Jakarta -
Anggota Komisi III DPR RI, Hinca Panjaitan, mengkritik vonis hukuman Harvey Moeis di kasus korupsi komoditas timah hanya dikenakan 6,5 tahun. Ia bertanya-tanya kerugian negara sebesar Rp 300 triliun yang tak sebanding dengan hukuman pelaku koruptor.
"Putusan ini adalah kabar buruk bagi keadilan. Bagaimana mungkin kerugian negara sebesar Rp 300 triliun hanya dihargai dengan hukuman 6,5 tahun penjara?" kata Hinca kepada wartawan, Rabu (25/12/2024).
Hinca menyebut korupsi yang dilakukan Harvey Moeis dan kawan-kawan merupakan kejahatan yang paling berdampak terhadap alam Indonesia. Ia menyebut apa yang telah diperbuat Harvey dan pelaku lainnya merusak masa depan generasi muda RI.
ADVERTISEMENT
SCROLL TO CONTINUE WITH CONTENT
"Timah Bangka Belitung, yang seharusnya menjadi berkah bagi daerah, justru menjadi kutukan. Korupsi ini bukan sekadar mencuri uang, ini mencuri masa depan," katanya.
Hinca menyebut tak masuk akal hukuman yang diberikan ke Harvey hanya 6,5 tahun. Ia mengatakan tuntunan jaksa sebanyak 12 tahun saja sudah ringan bagi koruptor sekaligus perusak alam tersebut.
"Lingkungan di Babel hancur, tambang ilegal merajalela, dan rakyat hidup dengan warisan kerusakan. Lalu, hukuman hanya 6,5 tahun? Hilang sudah akal sehat," kata Ketua Dewan Kehormatan Partai Demokrat ini.
"Saya bahkan merasa tuntutan jaksa yang 12 tahun saja sudah terasa ringan. Tapi hakim menilai jauh lebih rendah lagi.

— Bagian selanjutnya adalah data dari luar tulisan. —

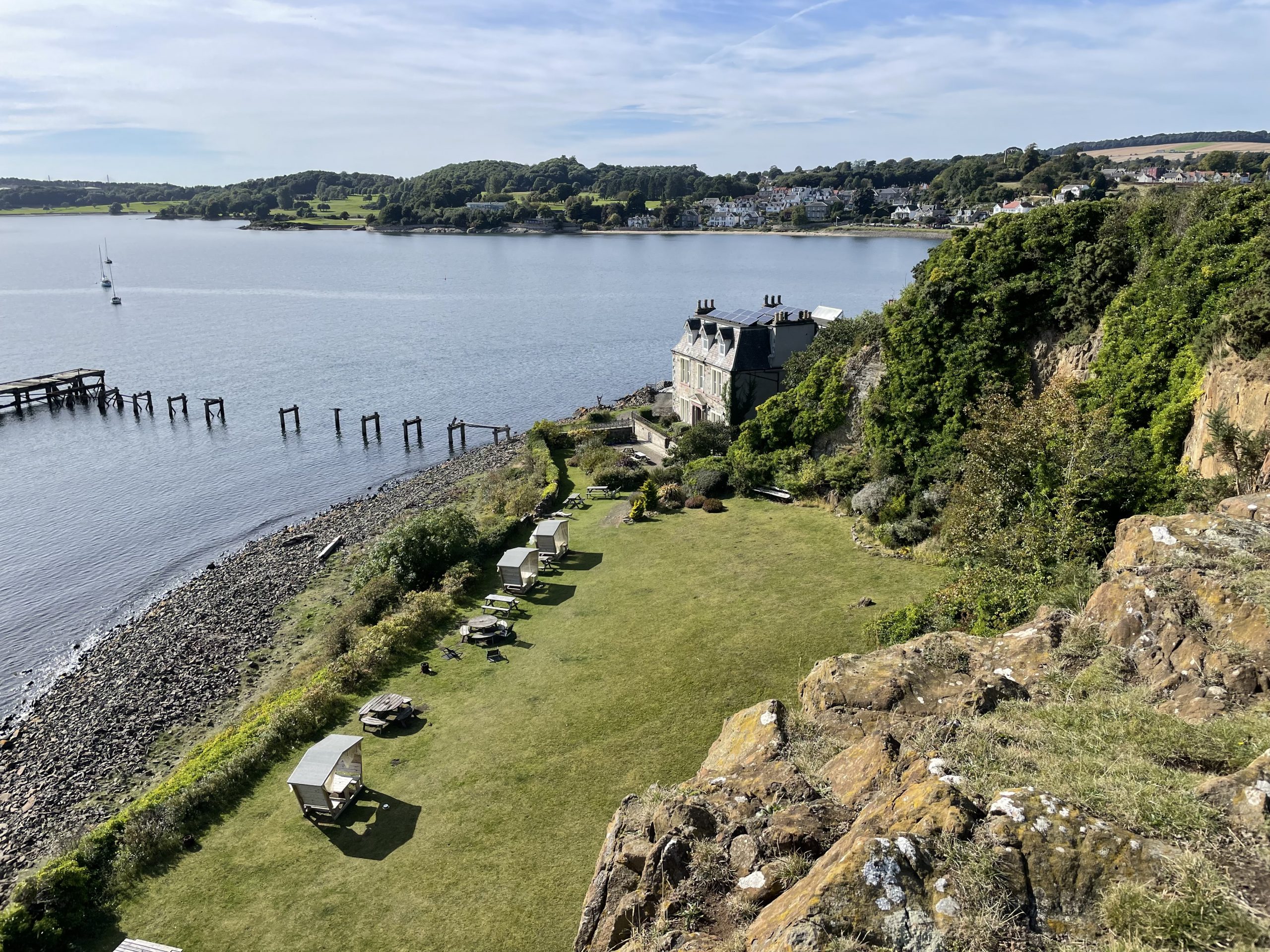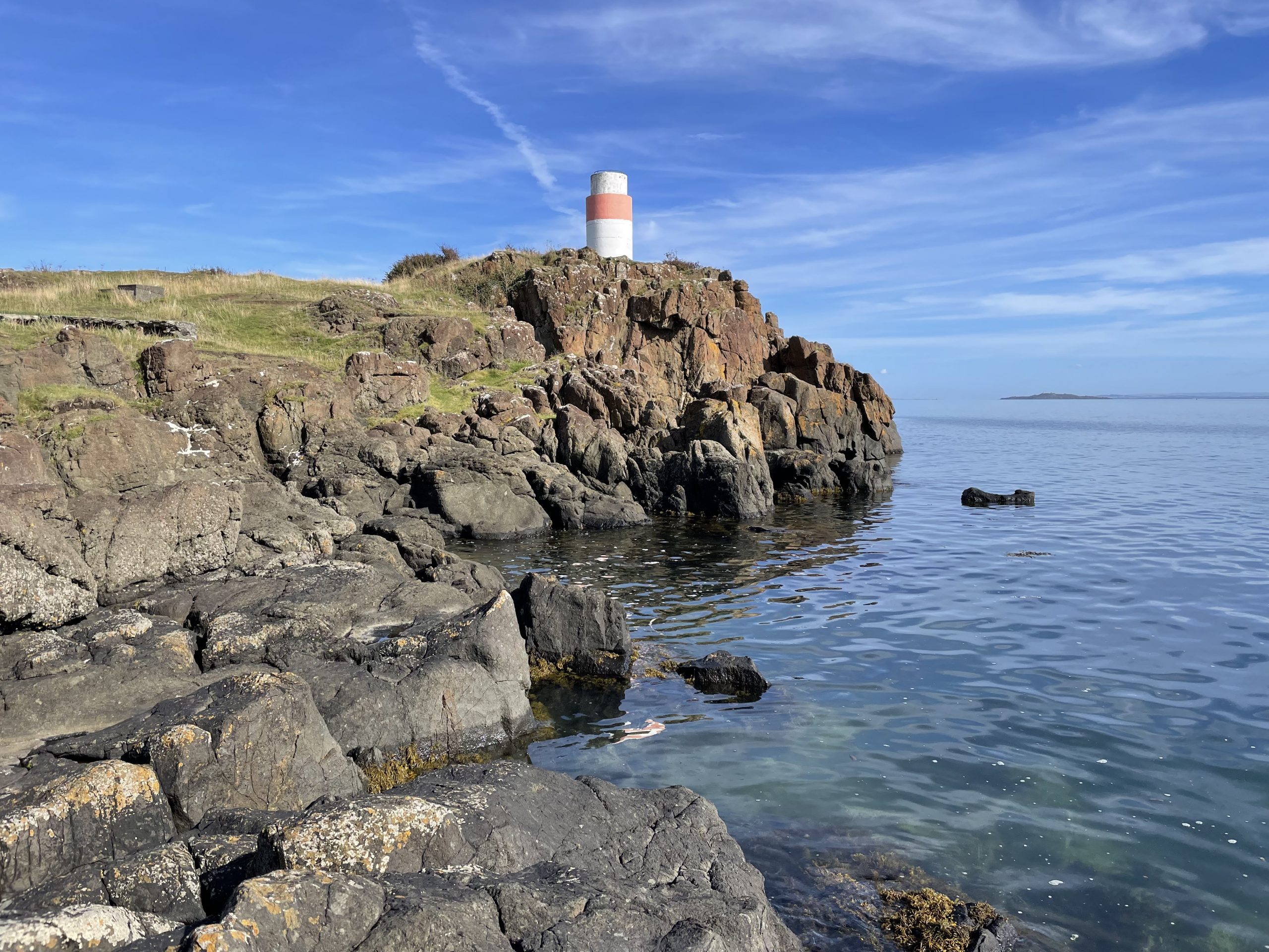 After our swim we did a quick circuit around the local area, walking around to the lighthouses on Hawkcraig Point, their automated flashing lights still a working signal to passing boats. A noticeboard informed us about the area’s history as an experimental hydrophone base and seaplane station during the first world war, There are patches of concrete and a dilapidated pier, but little else remains of this early attempt to foil the German U-Boats.

Apa ini? Diskon akhir tahun untuk para koruptor," sambungnya.
Ia menilai putusan itu menggambarkan lemahnya penegakan hukum di Indonesia. Ia mempertanyakan bagaimana bisa korupsi berdampak besar bagi alam RI mendapat hukuman yang lebih murah dari tersangka pencurian motor.
"Kasus ini menunjukkan betapa lemahnya pondasi keadilan kita. Ketika pelaku korupsi skala besar hanya mendapat hukuman ringan, apa pesan yang kita kirimkan kepada masyarakat? Bahwa korupsi adalah kejahatan yang 'aman'? Bahwa mencuri sumber daya negara jauh lebih murah risikonya dibandingkan mencuri motor di jalanan? Ini adalah preseden yang mengerikan," kata Hinca.
"Korupsi dalam sektor SDA bukan sekadar kejahatan finansial, tapi juga moral. Timah di Babel adalah simbol luka besar kita: hancurnya lingkungan, tergadainya kekayaan negeri, dan hilangnya harapan rakyat," tambahnya.
Hinca mendesak jaksa dalam perkara ini untuk mengajukan banding. Ia menyebut keadilan yang tidak ditegakkan hanya membuat mentalitas korupsi semakin merajalela di semua tingkatan.
"Dalam buku saya, #SaveBabel, saya telah memaparkan bagaimana Babel menjadi korban kerakusan dan kejahatan terstruktur. Praktik buruk ini tidak hanya menghancurkan lingkungan, tapi juga menanamkan mentalitas korupsi di setiap level," ujar Hinca.
"Jika kasus sebesar ini saja dihukum ringan, apa yang bisa kita harapkan untuk kasus-kasus lain? Ingatlah, timah yang dijarah mungkin bisa kembali, tapi rasa malu, rasa marah, sudah terlalu lama terkubur di lubang tambang," imbuhnya.